Repo rate is the rate at which the Reserve Bank of India lends money to commercial banks in order to meet their short term liquidity needs. Some banks sell their securities to RBI to borrow money, followed by a repurchase agreement. The repurchase agreement states that the bank will repurchase the securities from RBI at a later date at a price decided in advance.

What is MSF (Marginal Standing Facility Rate)?

MSF or Marginal Standing Facility Rate is the rate at which RBI lends funds overnight to scheduled banks, against government securities. RBI has introduced this borrowing scheme to regulate short-term asset liability mismatch in a more effective manner.

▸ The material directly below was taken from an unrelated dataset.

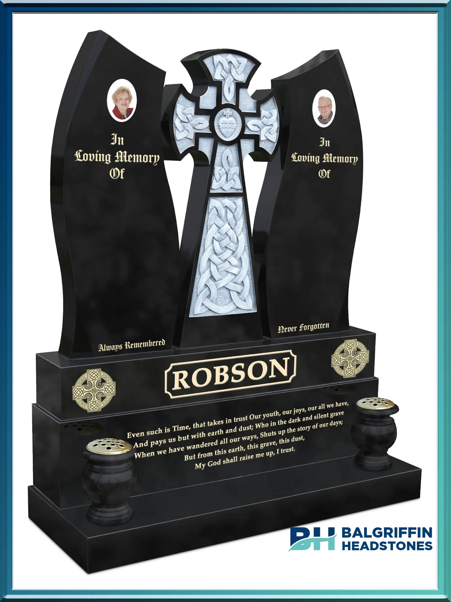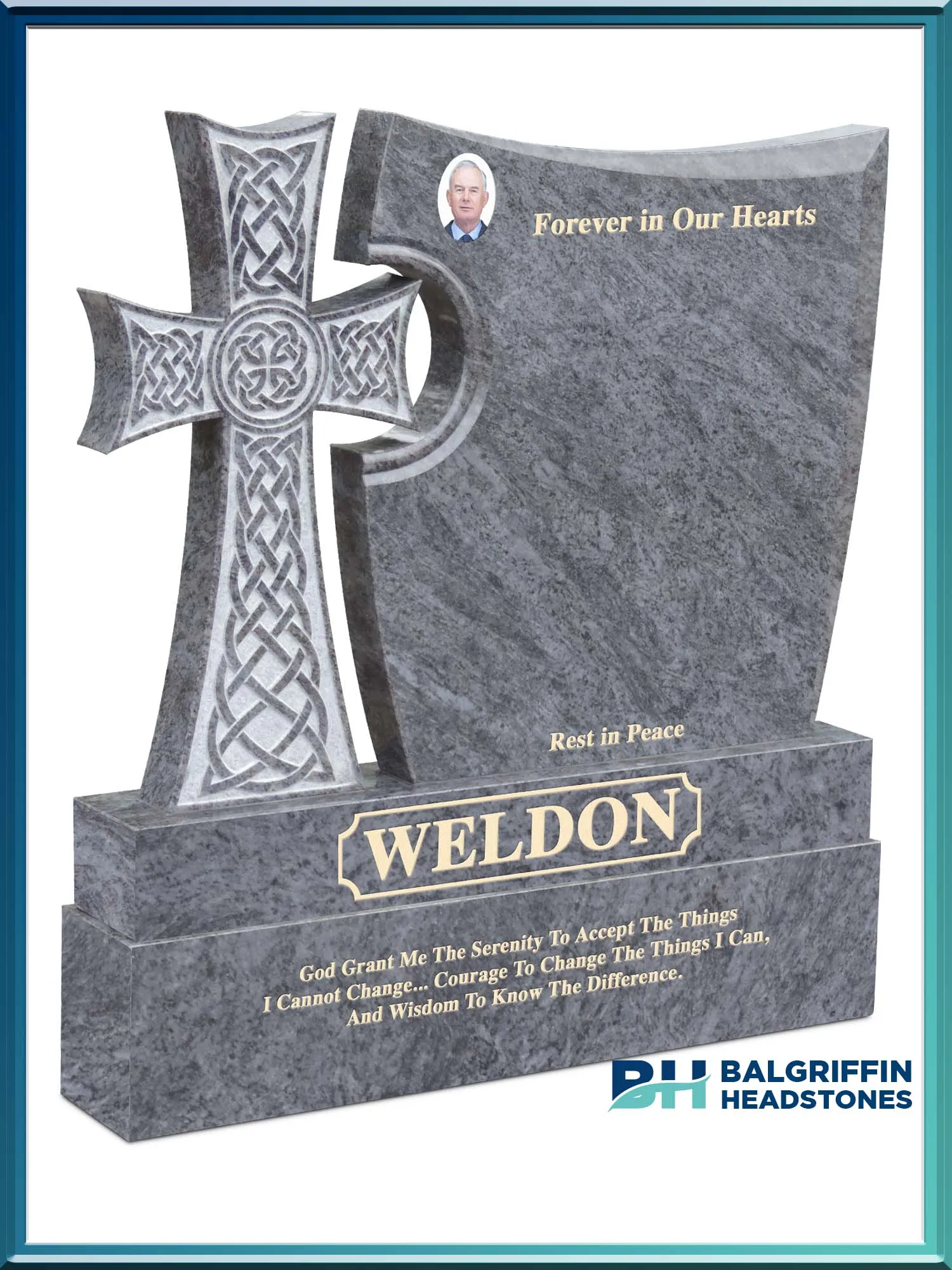 With the panoramic viewpoint that comes from our current position of more than 35 years in the memorial industry, and now into the second decade of the twenty-first century, we can see clearly that our innovative dedicated mastery to our craft and fervent obligation to our customers to provide the highest standards is as strong now as it was in the first promising year of our company Balgriffin Headstones. Taking every available opportunity that promised to bring us to the level of success and stature. Balgriffin Headstones Side Cross.

Top 3 Key Differences between Repo Rate and MSF

Both repo rate and MSF are rates at which RBI lends money to various other banks. However, there are some differences between the two, they are:

Effect of Repo Rate:

Higher the repo rate, higher is the value of the short-term money. If the repo rate is low, banks are required to pay lower interest amount towards loans. This impacts the loans taken by customers, who can also avail loans at lower interest rates.

Effect of MSF Rate:

The MSF is maintained at 100 bps higher than the repo rate. MSF basically provides a greater liquidity cushion. Higher the MSF rate, more expensive is borrowing for banks, as well as corporate borrowers and individuals. It is used by RBI to control money supply in the country’s financial system.

The RBI recently cut repo rates by 25 basis points. The MSF rate was also reduced from 7.0% p.a. to 6.25% p.a. This means that the Central Bank is willing to lend funds to banks overnight in order to increase the availability of the rupee in the market. This will help banks provide larger quantum of loans to business if required, thus strengthening the economy.